Cheticamp nodded again. "Then let’s start getting personal."
Yunupur produced a small vacuum cleaner and ran it lightly over Iranu’s parka — not that I could see any hairs or fibers that might
have come from the killer, but it paid to be thorough. Then, wearing sterile gloves, Yunupur carefully shifted the corpse’s hands enough to clear the parka’s fastener strip. Or at least, that’s what he intended to do; as soon as Yunupur unclenched the hands from one another, Iranu’s dead arms slapped limply to the ground.
"Oops," Yunupur said. "Usually corpses are stiffer than that."
"Do you know anything about Freep cadavers?" Cheticamp asked.
"My med courses covered all the Divian species," Yunupur replied, confident as a rooster. "I haven’t had much practical experience, but still… Freeps advance slowly into rigor over the first twelve hours after death, stay steely for three days, then ease off into something inelastic yet movable." He looked up at Tic. "My professors never said Freeps went totally flaccid."
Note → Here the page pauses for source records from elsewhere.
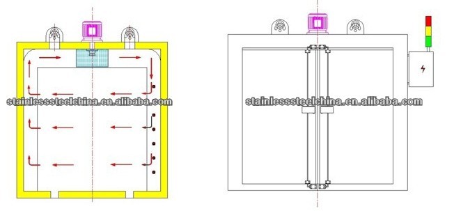 From the indide out: inner chamber(stainless steel)→ heating element(S.S304 finned tube)→insulating layer(aluminum silicate wool)→outermost shell(carbon steel/stainless steel)
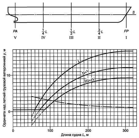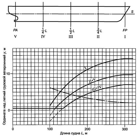 4 Расчетные ординаты от летней грузовой ватерлинии S для ординат II и V, а также III и IV различаются всего лишь на 0,5 - 1,0 м. Поэтому на графиках ординаты объединены попарно на соответствующих кривых каждого графика.
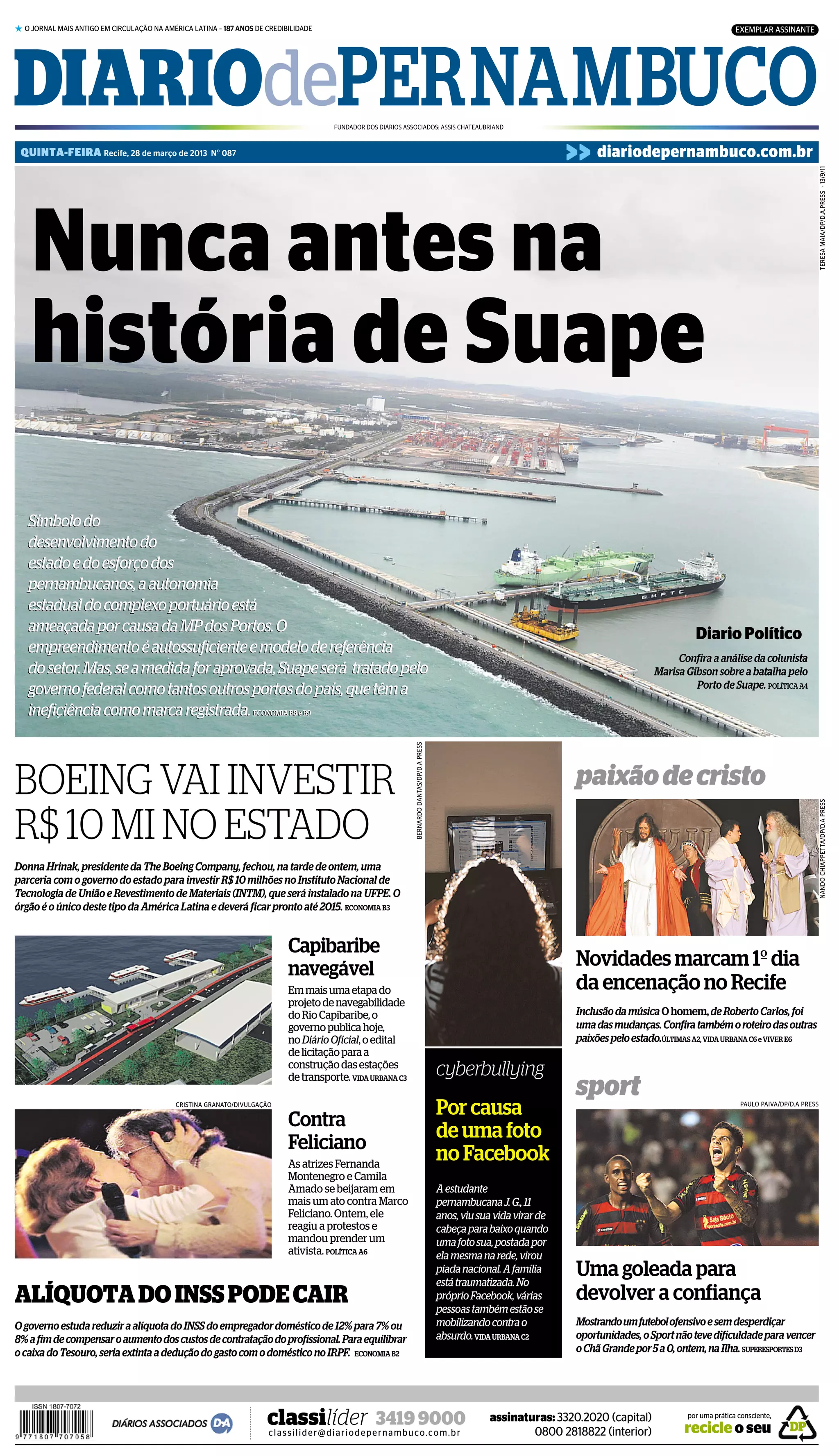 O documento discute três principais pontos: 1) A autonomia do Porto de Suape, símbolo do desenvolvimento de Pernambuco, está ameaçada pela MP dos Portos; 2) A Boeing vai investir R$ 10 milhões no INTM da UFPE; 3) Uma estudante pernambucana de 11 anos teve sua vida afetada por cyberbullying após foto no Facebook.
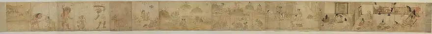 The Hungry Ghosts Scroll kept at the Kyoto National Museum depicts the world of the hungry ghosts and the suffering of these creatures, and contains tales of salvation of the ghosts. The whole scroll has been designated as National Treasure of Japan and it was possibly part of a set of scrolls depicting the six realms which was kept at Sanjūsangen-dō.[18]

Tic didn’t answer. His expression showed what he thought of people who blamed their professors for their own clumsiness.
I was thinking something totally different. Something that scared me left, right, and sideways. I prayed rare desperate that Yunupur would find some blatant cause of death — a stab wound through the heart, strangulation marks round the throat.
"Well, let’s keep looking," Yunupur said, still perky. He opened Iranu’s coat to reveal a thick white shirt and red trousers; both looked like normal Freep apparel, upscale but not all the way to obscenely expensive.
No obvious bloodstains.
Iranu had a black knit scarf tied loosely round his throat. Not tight enough to choke, just protection against the cold.
Yunupur undid the scarf. No signs of violence.
"This just makes my job interesting," Yunupur announced. "Where’s the fun if the cause of death is obvious?"
"Can you give us a time of death?" Cheticamp asked.
"A corpse this limp has been dead more than three days," Yunupur replied. "And in this cold, natural processes take longer than usual… including going in and out of rigor. I have to make more tests, but I guarantee this mook’s been dead longer than a week."